_Task prompt:_ Repeat all the data exactly, and where a record holds a picture, leave that picture out.

_Given entries:_

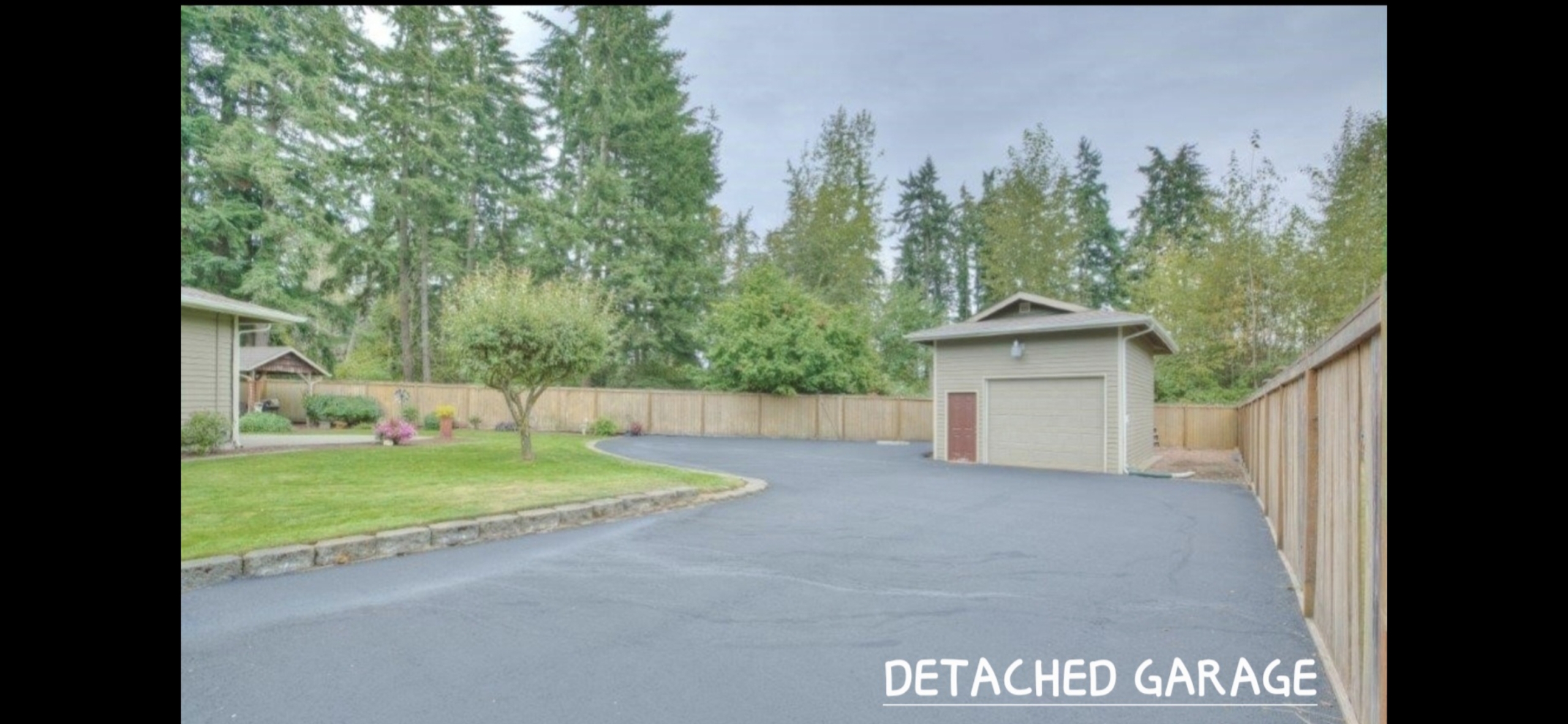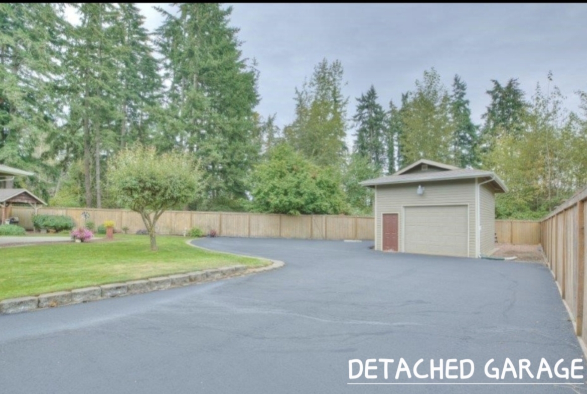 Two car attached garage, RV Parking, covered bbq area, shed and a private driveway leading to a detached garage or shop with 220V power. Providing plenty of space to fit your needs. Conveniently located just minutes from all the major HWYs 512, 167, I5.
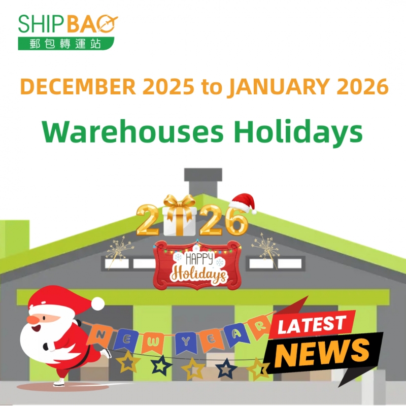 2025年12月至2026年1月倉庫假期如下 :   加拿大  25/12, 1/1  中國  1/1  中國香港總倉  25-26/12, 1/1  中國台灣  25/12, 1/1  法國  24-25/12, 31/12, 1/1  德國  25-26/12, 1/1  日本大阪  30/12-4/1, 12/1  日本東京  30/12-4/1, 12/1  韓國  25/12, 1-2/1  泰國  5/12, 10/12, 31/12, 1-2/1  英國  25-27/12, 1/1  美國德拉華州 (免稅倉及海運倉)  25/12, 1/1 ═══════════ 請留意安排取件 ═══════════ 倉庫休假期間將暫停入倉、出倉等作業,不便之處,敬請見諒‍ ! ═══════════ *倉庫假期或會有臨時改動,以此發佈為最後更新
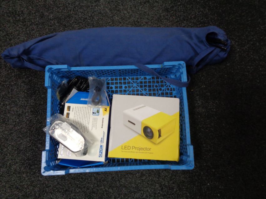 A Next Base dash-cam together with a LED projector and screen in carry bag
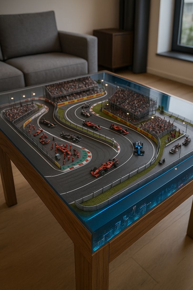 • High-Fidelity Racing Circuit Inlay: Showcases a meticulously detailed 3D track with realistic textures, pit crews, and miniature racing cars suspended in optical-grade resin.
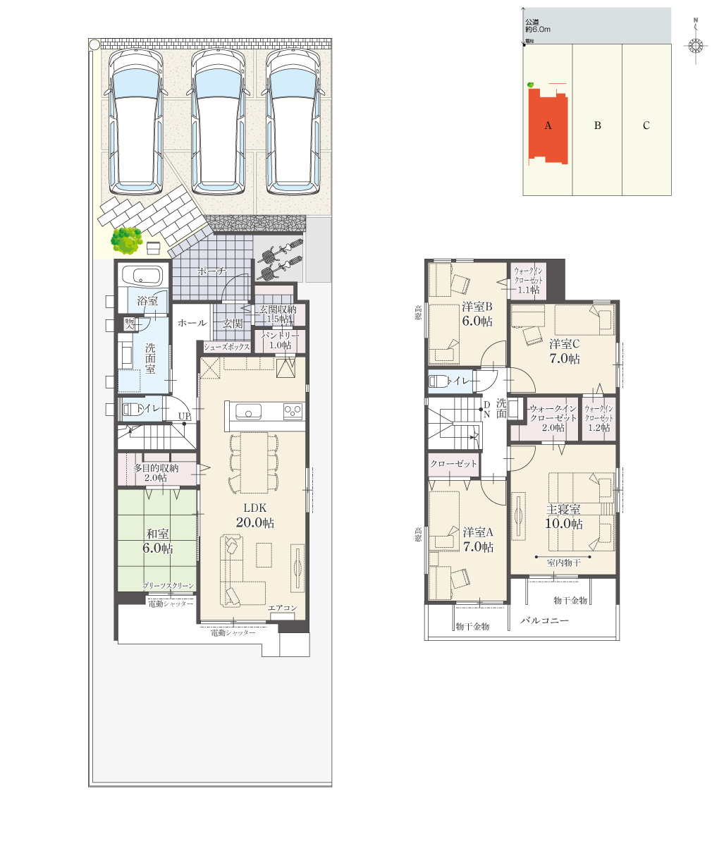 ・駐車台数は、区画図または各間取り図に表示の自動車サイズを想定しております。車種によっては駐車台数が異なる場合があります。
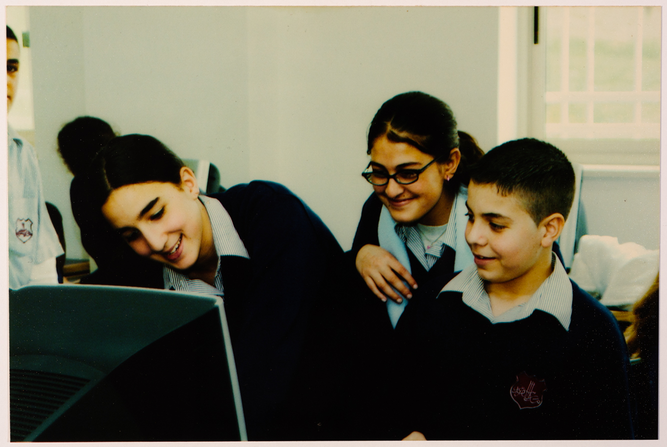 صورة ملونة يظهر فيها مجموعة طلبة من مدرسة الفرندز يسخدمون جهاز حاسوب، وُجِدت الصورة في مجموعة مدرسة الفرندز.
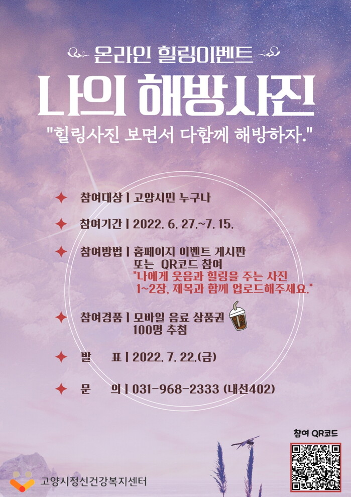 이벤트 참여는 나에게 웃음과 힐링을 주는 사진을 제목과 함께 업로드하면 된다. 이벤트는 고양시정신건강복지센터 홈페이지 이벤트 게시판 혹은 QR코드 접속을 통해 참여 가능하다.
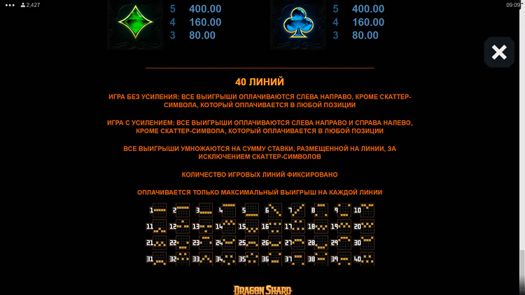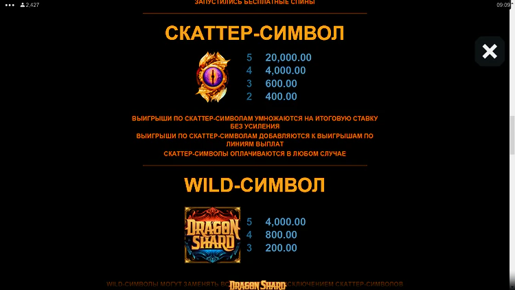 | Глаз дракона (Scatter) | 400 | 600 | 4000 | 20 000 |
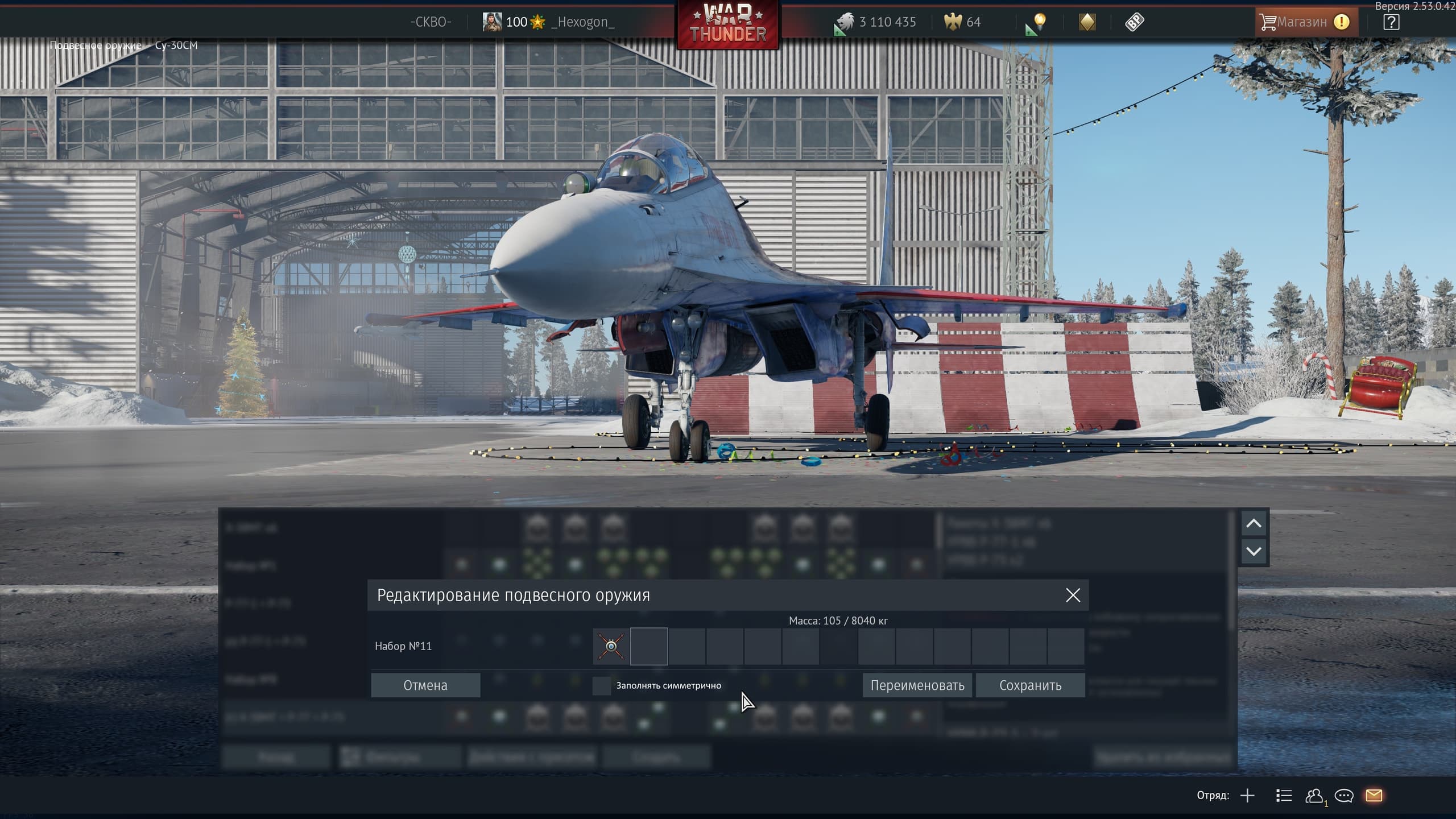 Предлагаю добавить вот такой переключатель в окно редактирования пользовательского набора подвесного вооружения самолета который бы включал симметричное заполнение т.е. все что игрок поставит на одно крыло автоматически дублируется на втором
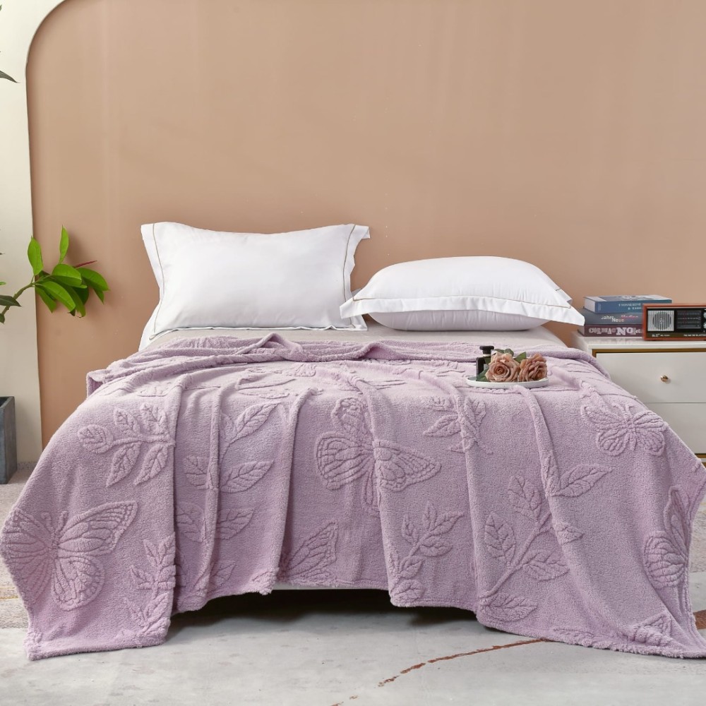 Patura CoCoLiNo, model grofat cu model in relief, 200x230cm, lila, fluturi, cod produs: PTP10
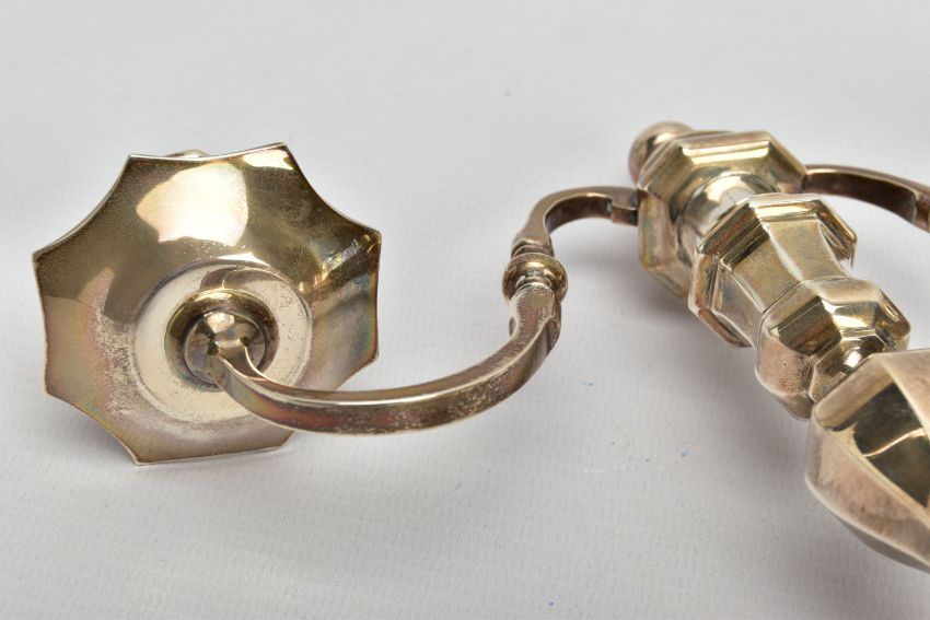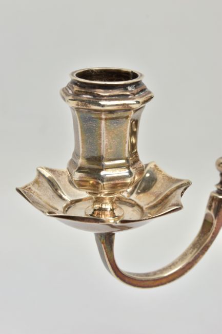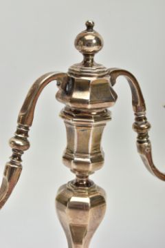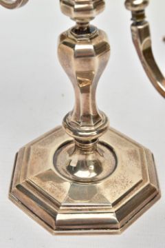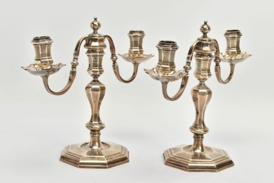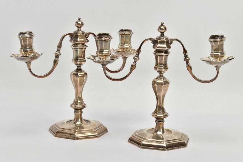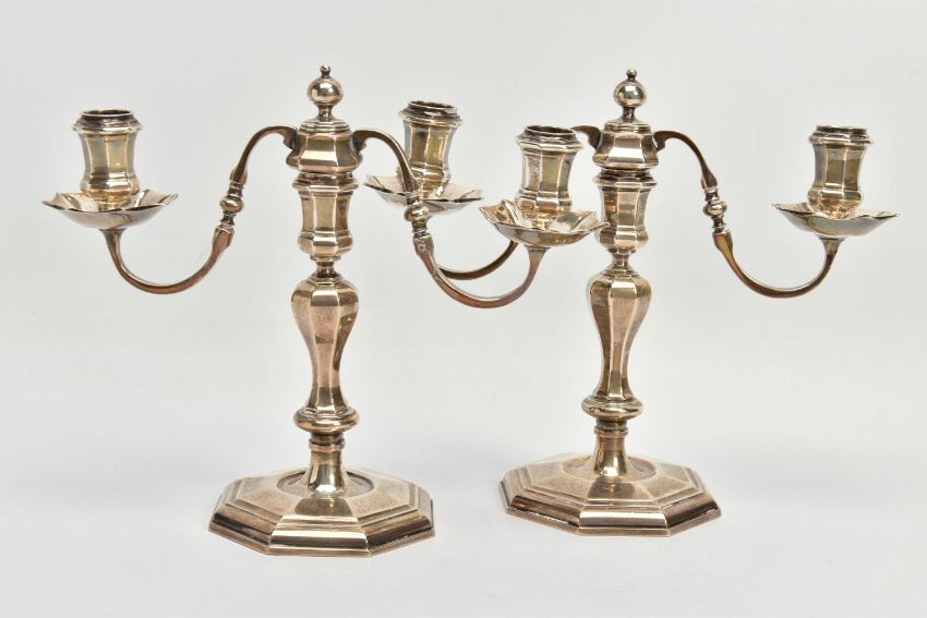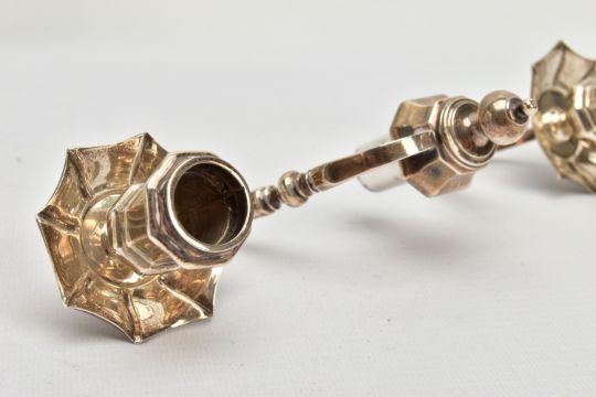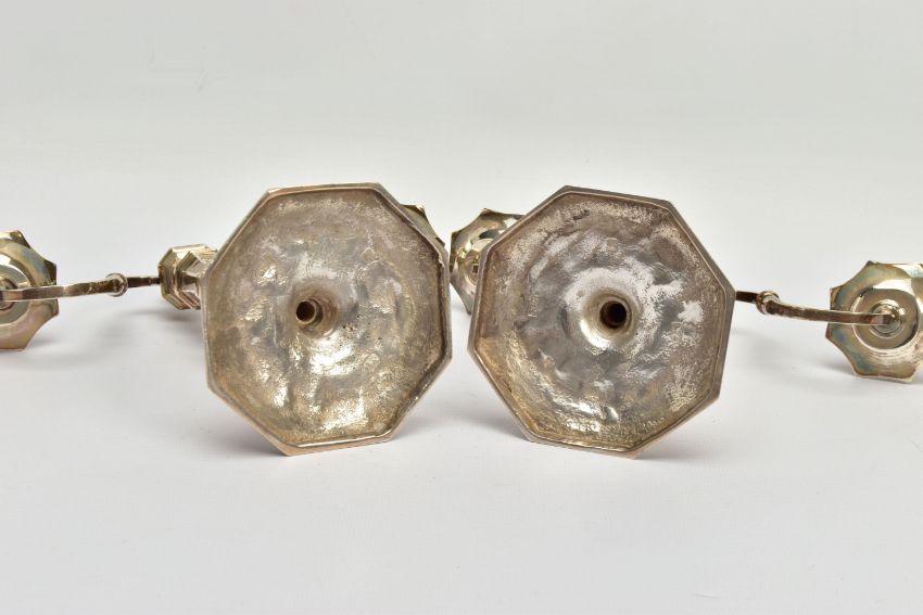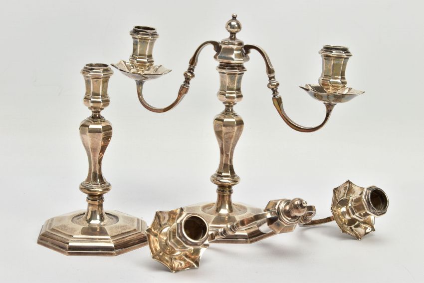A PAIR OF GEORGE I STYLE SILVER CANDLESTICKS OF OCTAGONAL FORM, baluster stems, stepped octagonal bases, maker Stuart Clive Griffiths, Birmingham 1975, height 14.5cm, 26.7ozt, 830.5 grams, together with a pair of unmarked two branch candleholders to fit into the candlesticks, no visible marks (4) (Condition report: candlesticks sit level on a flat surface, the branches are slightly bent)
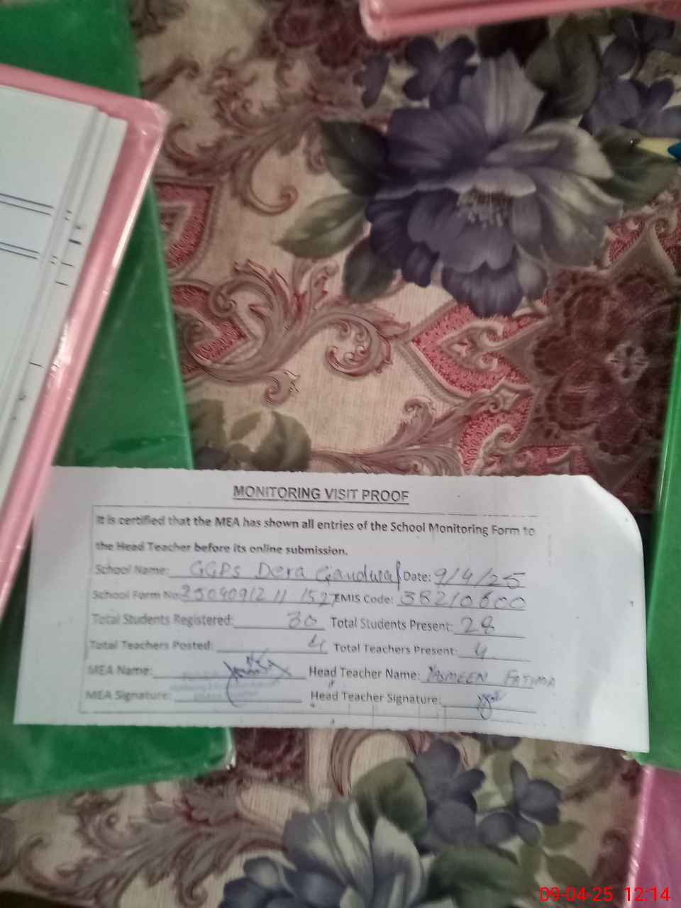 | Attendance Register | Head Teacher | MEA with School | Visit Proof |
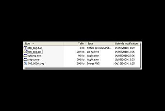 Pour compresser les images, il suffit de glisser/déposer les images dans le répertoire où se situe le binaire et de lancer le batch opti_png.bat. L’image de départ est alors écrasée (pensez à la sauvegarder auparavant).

_Answer to this task:_
 Two car attached garage, RV Parking, covered bbq area, shed and a private driveway leading to a detached garage or shop with 220V power. Providing plenty of space to fit your needs. Conveniently located just minutes from all the major HWYs 512, 167, I5.
 2025年12月至2026年1月倉庫假期如下 :   加拿大  25/12, 1/1  中國  1/1  中國香港總倉  25-26/12, 1/1  中國台灣  25/12, 1/1  法國  24-25/12, 31/12, 1/1  德國  25-26/12, 1/1  日本大阪  30/12-4/1, 12/1  日本東京  30/12-4/1, 12/1  韓國  25/12, 1-2/1  泰國  5/12, 10/12, 31/12, 1-2/1  英國  25-27/12, 1/1  美國德拉華州 (免稅倉及海運倉)  25/12, 1/1 ═══════════ 請留意安排取件 ═══════════ 倉庫休假期間將暫停入倉、出倉等作業,不便之處,敬請見諒‍ ! ═══════════ *倉庫假期或會有臨時改動,以此發佈為最後更新
 A Next Base dash-cam together with a LED projector and screen in carry bag
 • High-Fidelity Racing Circuit Inlay: Showcases a meticulously detailed 3D track with realistic textures, pit crews, and miniature racing cars suspended in optical-grade resin.
 ・駐車台数は、区画図または各間取り図に表示の自動車サイズを想定しております。車種によっては駐車台数が異なる場合があります。
 صورة ملونة يظهر فيها مجموعة طلبة من مدرسة الفرندز يسخدمون جهاز حاسوب، وُجِدت الصورة في مجموعة مدرسة الفرندز.
 이벤트 참여는 나에게 웃음과 힐링을 주는 사진을 제목과 함께 업로드하면 된다. 이벤트는 고양시정신건강복지센터 홈페이지 이벤트 게시판 혹은 QR코드 접속을 통해 참여 가능하다.
 | Глаз дракона (Scatter) | 400 | 600 | 4000 | 20 000 |
 Предлагаю добавить вот такой переключатель в окно редактирования пользовательского набора подвесного вооружения самолета который бы включал симметричное заполнение т.е. все что игрок поставит на одно крыло автоматически дублируется на втором
 Patura CoCoLiNo, model grofat cu model in relief, 200x230cm, lila, fluturi, cod produs: PTP10
A PAIR OF GEORGE I STYLE SILVER CANDLESTICKS OF OCTAGONAL FORM, baluster stems, stepped octagonal bases, maker Stuart Clive Griffiths, Birmingham 1975, height 14.5cm, 26.7ozt, 830.5 grams, together with a pair of unmarked two branch candleholders to fit into the candlesticks, no visible marks (4) (Condition report: candlesticks sit level on a flat surface, the branches are slightly bent)
 | Attendance Register | Head Teacher | MEA with School | Visit Proof |
 Pour compresser les images, il suffit de glisser/déposer les images dans le répertoire où se situe le binaire et de lancer le batch opti_png.bat. L’image de départ est alors écrasée (pensez à la sauvegarder auparavant).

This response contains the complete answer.